(WORK INSTRUCTIONS)
The answer must be every record below, reproduced exactly.

::::

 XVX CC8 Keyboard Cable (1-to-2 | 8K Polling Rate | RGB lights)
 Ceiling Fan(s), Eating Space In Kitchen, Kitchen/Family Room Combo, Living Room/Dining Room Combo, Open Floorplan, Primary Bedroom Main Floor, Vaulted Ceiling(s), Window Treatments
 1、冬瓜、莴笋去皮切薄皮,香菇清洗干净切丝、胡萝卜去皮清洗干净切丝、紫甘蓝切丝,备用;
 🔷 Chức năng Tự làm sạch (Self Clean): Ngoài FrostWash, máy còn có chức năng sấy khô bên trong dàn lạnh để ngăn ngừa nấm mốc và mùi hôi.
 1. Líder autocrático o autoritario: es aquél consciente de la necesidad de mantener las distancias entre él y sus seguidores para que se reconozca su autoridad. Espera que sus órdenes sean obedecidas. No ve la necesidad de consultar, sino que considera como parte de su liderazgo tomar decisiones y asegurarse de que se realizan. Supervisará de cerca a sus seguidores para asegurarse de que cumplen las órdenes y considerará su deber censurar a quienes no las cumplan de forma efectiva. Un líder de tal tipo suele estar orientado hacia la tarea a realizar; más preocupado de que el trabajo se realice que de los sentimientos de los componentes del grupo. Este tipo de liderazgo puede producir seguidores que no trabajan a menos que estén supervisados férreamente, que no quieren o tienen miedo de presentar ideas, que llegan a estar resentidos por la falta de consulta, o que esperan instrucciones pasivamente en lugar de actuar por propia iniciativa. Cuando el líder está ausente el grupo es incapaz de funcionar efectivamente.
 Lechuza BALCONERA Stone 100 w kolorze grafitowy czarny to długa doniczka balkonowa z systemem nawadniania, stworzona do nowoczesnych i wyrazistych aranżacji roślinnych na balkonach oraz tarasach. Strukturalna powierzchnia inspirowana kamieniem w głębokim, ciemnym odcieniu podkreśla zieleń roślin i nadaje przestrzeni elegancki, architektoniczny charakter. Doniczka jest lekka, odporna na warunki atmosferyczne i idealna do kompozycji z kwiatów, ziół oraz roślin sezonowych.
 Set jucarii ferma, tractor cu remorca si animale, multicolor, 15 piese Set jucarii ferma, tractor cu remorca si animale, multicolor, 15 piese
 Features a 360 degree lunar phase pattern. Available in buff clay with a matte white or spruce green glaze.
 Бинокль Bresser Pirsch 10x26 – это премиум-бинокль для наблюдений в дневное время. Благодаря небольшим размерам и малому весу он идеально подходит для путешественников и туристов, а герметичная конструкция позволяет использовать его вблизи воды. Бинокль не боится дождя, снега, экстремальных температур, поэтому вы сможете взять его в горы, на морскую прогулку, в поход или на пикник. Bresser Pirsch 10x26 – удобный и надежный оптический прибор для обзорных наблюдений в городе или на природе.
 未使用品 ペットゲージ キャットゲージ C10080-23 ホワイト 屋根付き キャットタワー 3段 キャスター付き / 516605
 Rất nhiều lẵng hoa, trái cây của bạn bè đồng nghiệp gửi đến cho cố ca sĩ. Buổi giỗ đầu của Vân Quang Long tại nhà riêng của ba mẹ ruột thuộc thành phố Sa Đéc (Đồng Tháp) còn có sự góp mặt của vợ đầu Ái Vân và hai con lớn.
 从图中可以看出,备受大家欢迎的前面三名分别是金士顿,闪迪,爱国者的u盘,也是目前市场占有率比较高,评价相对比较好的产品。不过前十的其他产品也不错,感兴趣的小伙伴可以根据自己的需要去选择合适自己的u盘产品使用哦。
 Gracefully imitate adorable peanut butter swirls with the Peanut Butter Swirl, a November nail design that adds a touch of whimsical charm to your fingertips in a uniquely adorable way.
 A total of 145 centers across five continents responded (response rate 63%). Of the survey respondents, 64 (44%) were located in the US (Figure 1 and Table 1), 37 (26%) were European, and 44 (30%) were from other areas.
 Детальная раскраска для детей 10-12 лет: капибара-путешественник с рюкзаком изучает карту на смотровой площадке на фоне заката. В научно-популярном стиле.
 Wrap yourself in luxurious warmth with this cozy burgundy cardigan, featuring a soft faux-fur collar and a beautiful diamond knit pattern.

::::

(ANSWER FOR THE TASK)
 XVX CC8 Keyboard Cable (1-to-2 | 8K Polling Rate | RGB lights)
 Ceiling Fan(s), Eating Space In Kitchen, Kitchen/Family Room Combo, Living Room/Dining Room Combo, Open Floorplan, Primary Bedroom Main Floor, Vaulted Ceiling(s), Window Treatments
 1、冬瓜、莴笋去皮切薄皮,香菇清洗干净切丝、胡萝卜去皮清洗干净切丝、紫甘蓝切丝,备用;
 🔷 Chức năng Tự làm sạch (Self Clean): Ngoài FrostWash, máy còn có chức năng sấy khô bên trong dàn lạnh để ngăn ngừa nấm mốc và mùi hôi.
 1. Líder autocrático o autoritario: es aquél consciente de la necesidad de mantener las distancias entre él y sus seguidores para que se reconozca su autoridad. Espera que sus órdenes sean obedecidas. No ve la necesidad de consultar, sino que considera como parte de su liderazgo tomar decisiones y asegurarse de que se realizan. Supervisará de cerca a sus seguidores para asegurarse de que cumplen las órdenes y considerará su deber censurar a quienes no las cumplan de forma efectiva. Un líder de tal tipo suele estar orientado hacia la tarea a realizar; más preocupado de que el trabajo se realice que de los sentimientos de los componentes del grupo. Este tipo de liderazgo puede producir seguidores que no trabajan a menos que estén supervisados férreamente, que no quieren o tienen miedo de presentar ideas, que llegan a estar resentidos por la falta de consulta, o que esperan instrucciones pasivamente en lugar de actuar por propia iniciativa. Cuando el líder está ausente el grupo es incapaz de funcionar efectivamente.
 Lechuza BALCONERA Stone 100 w kolorze grafitowy czarny to długa doniczka balkonowa z systemem nawadniania, stworzona do nowoczesnych i wyrazistych aranżacji roślinnych na balkonach oraz tarasach. Strukturalna powierzchnia inspirowana kamieniem w głębokim, ciemnym odcieniu podkreśla zieleń roślin i nadaje przestrzeni elegancki, architektoniczny charakter. Doniczka jest lekka, odporna na warunki atmosferyczne i idealna do kompozycji z kwiatów, ziół oraz roślin sezonowych.
 Set jucarii ferma, tractor cu remorca si animale, multicolor, 15 piese Set jucarii ferma, tractor cu remorca si animale, multicolor, 15 piese
 Features a 360 degree lunar phase pattern. Available in buff clay with a matte white or spruce green glaze.
 Бинокль Bresser Pirsch 10x26 – это премиум-бинокль для наблюдений в дневное время. Благодаря небольшим размерам и малому весу он идеально подходит для путешественников и туристов, а герметичная конструкция позволяет использовать его вблизи воды. Бинокль не боится дождя, снега, экстремальных температур, поэтому вы сможете взять его в горы, на морскую прогулку, в поход или на пикник. Bresser Pirsch 10x26 – удобный и надежный оптический прибор для обзорных наблюдений в городе или на природе.
 未使用品 ペットゲージ キャットゲージ C10080-23 ホワイト 屋根付き キャットタワー 3段 キャスター付き / 516605
 Rất nhiều lẵng hoa, trái cây của bạn bè đồng nghiệp gửi đến cho cố ca sĩ. Buổi giỗ đầu của Vân Quang Long tại nhà riêng của ba mẹ ruột thuộc thành phố Sa Đéc (Đồng Tháp) còn có sự góp mặt của vợ đầu Ái Vân và hai con lớn.
 从图中可以看出,备受大家欢迎的前面三名分别是金士顿,闪迪,爱国者的u盘,也是目前市场占有率比较高,评价相对比较好的产品。不过前十的其他产品也不错,感兴趣的小伙伴可以根据自己的需要去选择合适自己的u盘产品使用哦。
 Gracefully imitate adorable peanut butter swirls with the Peanut Butter Swirl, a November nail design that adds a touch of whimsical charm to your fingertips in a uniquely adorable way.
 A total of 145 centers across five continents responded (response rate 63%). Of the survey respondents, 64 (44%) were located in the US (Figure 1 and Table 1), 37 (26%) were European, and 44 (30%) were from other areas.
 Детальная раскраска для детей 10-12 лет: капибара-путешественник с рюкзаком изучает карту на смотровой площадке на фоне заката. В научно-популярном стиле.
 Wrap yourself in luxurious warmth with this cozy burgundy cardigan, featuring a soft faux-fur collar and a beautiful diamond knit pattern.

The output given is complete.